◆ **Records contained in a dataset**

============

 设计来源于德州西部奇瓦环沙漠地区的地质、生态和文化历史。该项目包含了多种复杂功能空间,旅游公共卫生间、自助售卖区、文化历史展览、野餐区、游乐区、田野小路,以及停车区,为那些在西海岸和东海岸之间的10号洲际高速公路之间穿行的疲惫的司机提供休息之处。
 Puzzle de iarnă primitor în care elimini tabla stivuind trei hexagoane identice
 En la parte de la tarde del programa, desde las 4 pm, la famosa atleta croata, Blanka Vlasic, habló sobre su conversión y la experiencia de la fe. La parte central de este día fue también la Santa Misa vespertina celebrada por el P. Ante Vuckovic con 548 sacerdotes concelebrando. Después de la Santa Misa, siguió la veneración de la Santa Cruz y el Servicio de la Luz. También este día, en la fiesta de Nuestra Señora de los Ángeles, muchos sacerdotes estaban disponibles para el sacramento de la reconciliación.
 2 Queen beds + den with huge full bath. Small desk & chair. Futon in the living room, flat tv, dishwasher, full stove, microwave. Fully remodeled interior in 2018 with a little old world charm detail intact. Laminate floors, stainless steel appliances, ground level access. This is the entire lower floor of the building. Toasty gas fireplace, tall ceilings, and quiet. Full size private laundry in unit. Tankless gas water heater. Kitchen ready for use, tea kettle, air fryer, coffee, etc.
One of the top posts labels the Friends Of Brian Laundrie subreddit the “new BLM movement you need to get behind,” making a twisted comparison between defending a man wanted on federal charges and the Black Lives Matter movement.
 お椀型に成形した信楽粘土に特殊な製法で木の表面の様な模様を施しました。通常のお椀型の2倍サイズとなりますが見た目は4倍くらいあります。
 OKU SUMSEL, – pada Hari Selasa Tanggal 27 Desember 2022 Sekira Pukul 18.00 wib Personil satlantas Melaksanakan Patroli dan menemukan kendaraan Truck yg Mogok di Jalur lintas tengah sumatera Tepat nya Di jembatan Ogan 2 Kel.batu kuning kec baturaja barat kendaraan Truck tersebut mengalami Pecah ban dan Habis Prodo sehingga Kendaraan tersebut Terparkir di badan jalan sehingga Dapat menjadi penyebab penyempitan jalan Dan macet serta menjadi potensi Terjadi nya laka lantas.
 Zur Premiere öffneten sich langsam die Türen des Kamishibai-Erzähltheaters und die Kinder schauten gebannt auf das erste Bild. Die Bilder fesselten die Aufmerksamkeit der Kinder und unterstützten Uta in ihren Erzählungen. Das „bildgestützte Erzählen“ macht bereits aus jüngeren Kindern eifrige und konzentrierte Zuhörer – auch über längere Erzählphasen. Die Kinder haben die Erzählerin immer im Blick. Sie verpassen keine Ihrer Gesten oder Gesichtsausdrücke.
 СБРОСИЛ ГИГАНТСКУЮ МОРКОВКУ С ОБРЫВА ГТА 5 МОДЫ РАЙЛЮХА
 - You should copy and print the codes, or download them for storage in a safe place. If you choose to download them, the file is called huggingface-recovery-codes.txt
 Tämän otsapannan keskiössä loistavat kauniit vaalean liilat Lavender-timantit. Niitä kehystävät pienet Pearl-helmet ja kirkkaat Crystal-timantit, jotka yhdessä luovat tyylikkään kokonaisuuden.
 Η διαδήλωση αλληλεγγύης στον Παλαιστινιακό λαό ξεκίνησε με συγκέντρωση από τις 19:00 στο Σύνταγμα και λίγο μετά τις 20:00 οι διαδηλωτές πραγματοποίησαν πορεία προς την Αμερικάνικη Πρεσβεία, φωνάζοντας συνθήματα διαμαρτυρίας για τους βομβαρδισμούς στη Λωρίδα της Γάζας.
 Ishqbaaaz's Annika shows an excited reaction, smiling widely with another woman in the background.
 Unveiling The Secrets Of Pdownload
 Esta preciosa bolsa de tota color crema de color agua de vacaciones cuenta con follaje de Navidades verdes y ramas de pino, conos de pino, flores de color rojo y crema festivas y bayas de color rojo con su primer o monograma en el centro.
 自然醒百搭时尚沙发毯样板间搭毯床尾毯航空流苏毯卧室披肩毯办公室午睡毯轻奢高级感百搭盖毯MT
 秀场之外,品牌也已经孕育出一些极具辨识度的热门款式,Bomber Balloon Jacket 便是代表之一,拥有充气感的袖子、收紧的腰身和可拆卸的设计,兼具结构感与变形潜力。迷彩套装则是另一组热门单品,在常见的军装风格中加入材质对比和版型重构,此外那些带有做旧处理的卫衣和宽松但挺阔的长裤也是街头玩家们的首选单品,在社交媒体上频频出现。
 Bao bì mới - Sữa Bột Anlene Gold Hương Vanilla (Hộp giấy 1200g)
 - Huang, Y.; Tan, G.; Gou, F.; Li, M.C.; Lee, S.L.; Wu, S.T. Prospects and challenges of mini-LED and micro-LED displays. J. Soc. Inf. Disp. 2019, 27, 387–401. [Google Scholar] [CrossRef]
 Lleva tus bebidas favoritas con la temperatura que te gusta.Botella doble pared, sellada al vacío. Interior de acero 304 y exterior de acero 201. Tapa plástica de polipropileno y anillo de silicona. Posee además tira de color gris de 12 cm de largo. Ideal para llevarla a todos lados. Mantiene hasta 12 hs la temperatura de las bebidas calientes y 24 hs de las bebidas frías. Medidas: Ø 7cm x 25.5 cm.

============

◆ **Your assignment**
The full data must appear again, retyped in every detail.

◆ **Answer space**
 设计来源于德州西部奇瓦环沙漠地区的地质、生态和文化历史。该项目包含了多种复杂功能空间,旅游公共卫生间、自助售卖区、文化历史展览、野餐区、游乐区、田野小路,以及停车区,为那些在西海岸和东海岸之间的10号洲际高速公路之间穿行的疲惫的司机提供休息之处。
 Puzzle de iarnă primitor în care elimini tabla stivuind trei hexagoane identice
 En la parte de la tarde del programa, desde las 4 pm, la famosa atleta croata, Blanka Vlasic, habló sobre su conversión y la experiencia de la fe. La parte central de este día fue también la Santa Misa vespertina celebrada por el P. Ante Vuckovic con 548 sacerdotes concelebrando. Después de la Santa Misa, siguió la veneración de la Santa Cruz y el Servicio de la Luz. También este día, en la fiesta de Nuestra Señora de los Ángeles, muchos sacerdotes estaban disponibles para el sacramento de la reconciliación.
 2 Queen beds + den with huge full bath. Small desk & chair. Futon in the living room, flat tv, dishwasher, full stove, microwave. Fully remodeled interior in 2018 with a little old world charm detail intact. Laminate floors, stainless steel appliances, ground level access. This is the entire lower floor of the building. Toasty gas fireplace, tall ceilings, and quiet. Full size private laundry in unit. Tankless gas water heater. Kitchen ready for use, tea kettle, air fryer, coffee, etc.
One of the top posts labels the Friends Of Brian Laundrie subreddit the “new BLM movement you need to get behind,” making a twisted comparison between defending a man wanted on federal charges and the Black Lives Matter movement.
 お椀型に成形した信楽粘土に特殊な製法で木の表面の様な模様を施しました。通常のお椀型の2倍サイズとなりますが見た目は4倍くらいあります。
 OKU SUMSEL, – pada Hari Selasa Tanggal 27 Desember 2022 Sekira Pukul 18.00 wib Personil satlantas Melaksanakan Patroli dan menemukan kendaraan Truck yg Mogok di Jalur lintas tengah sumatera Tepat nya Di jembatan Ogan 2 Kel.batu kuning kec baturaja barat kendaraan Truck tersebut mengalami Pecah ban dan Habis Prodo sehingga Kendaraan tersebut Terparkir di badan jalan sehingga Dapat menjadi penyebab penyempitan jalan Dan macet serta menjadi potensi Terjadi nya laka lantas.
 Zur Premiere öffneten sich langsam die Türen des Kamishibai-Erzähltheaters und die Kinder schauten gebannt auf das erste Bild. Die Bilder fesselten die Aufmerksamkeit der Kinder und unterstützten Uta in ihren Erzählungen. Das „bildgestützte Erzählen“ macht bereits aus jüngeren Kindern eifrige und konzentrierte Zuhörer – auch über längere Erzählphasen. Die Kinder haben die Erzählerin immer im Blick. Sie verpassen keine Ihrer Gesten oder Gesichtsausdrücke.
 СБРОСИЛ ГИГАНТСКУЮ МОРКОВКУ С ОБРЫВА ГТА 5 МОДЫ РАЙЛЮХА
 - You should copy and print the codes, or download them for storage in a safe place. If you choose to download them, the file is called huggingface-recovery-codes.txt
 Tämän otsapannan keskiössä loistavat kauniit vaalean liilat Lavender-timantit. Niitä kehystävät pienet Pearl-helmet ja kirkkaat Crystal-timantit, jotka yhdessä luovat tyylikkään kokonaisuuden.
 Η διαδήλωση αλληλεγγύης στον Παλαιστινιακό λαό ξεκίνησε με συγκέντρωση από τις 19:00 στο Σύνταγμα και λίγο μετά τις 20:00 οι διαδηλωτές πραγματοποίησαν πορεία προς την Αμερικάνικη Πρεσβεία, φωνάζοντας συνθήματα διαμαρτυρίας για τους βομβαρδισμούς στη Λωρίδα της Γάζας.
 Ishqbaaaz's Annika shows an excited reaction, smiling widely with another woman in the background.
 Unveiling The Secrets Of Pdownload
 Esta preciosa bolsa de tota color crema de color agua de vacaciones cuenta con follaje de Navidades verdes y ramas de pino, conos de pino, flores de color rojo y crema festivas y bayas de color rojo con su primer o monograma en el centro.
 自然醒百搭时尚沙发毯样板间搭毯床尾毯航空流苏毯卧室披肩毯办公室午睡毯轻奢高级感百搭盖毯MT
 秀场之外,品牌也已经孕育出一些极具辨识度的热门款式,Bomber Balloon Jacket 便是代表之一,拥有充气感的袖子、收紧的腰身和可拆卸的设计,兼具结构感与变形潜力。迷彩套装则是另一组热门单品,在常见的军装风格中加入材质对比和版型重构,此外那些带有做旧处理的卫衣和宽松但挺阔的长裤也是街头玩家们的首选单品,在社交媒体上频频出现。
 Bao bì mới - Sữa Bột Anlene Gold Hương Vanilla (Hộp giấy 1200g)
 - Huang, Y.; Tan, G.; Gou, F.; Li, M.C.; Lee, S.L.; Wu, S.T. Prospects and challenges of mini-LED and micro-LED displays. J. Soc. Inf. Disp. 2019, 27, 387–401. [Google Scholar] [CrossRef]
 Lleva tus bebidas favoritas con la temperatura que te gusta.Botella doble pared, sellada al vacío. Interior de acero 304 y exterior de acero 201. Tapa plástica de polipropileno y anillo de silicona. Posee además tira de color gris de 12 cm de largo. Ideal para llevarla a todos lados. Mantiene hasta 12 hs la temperatura de las bebidas calientes y 24 hs de las bebidas frías. Medidas: Ø 7cm x 25.5 cm.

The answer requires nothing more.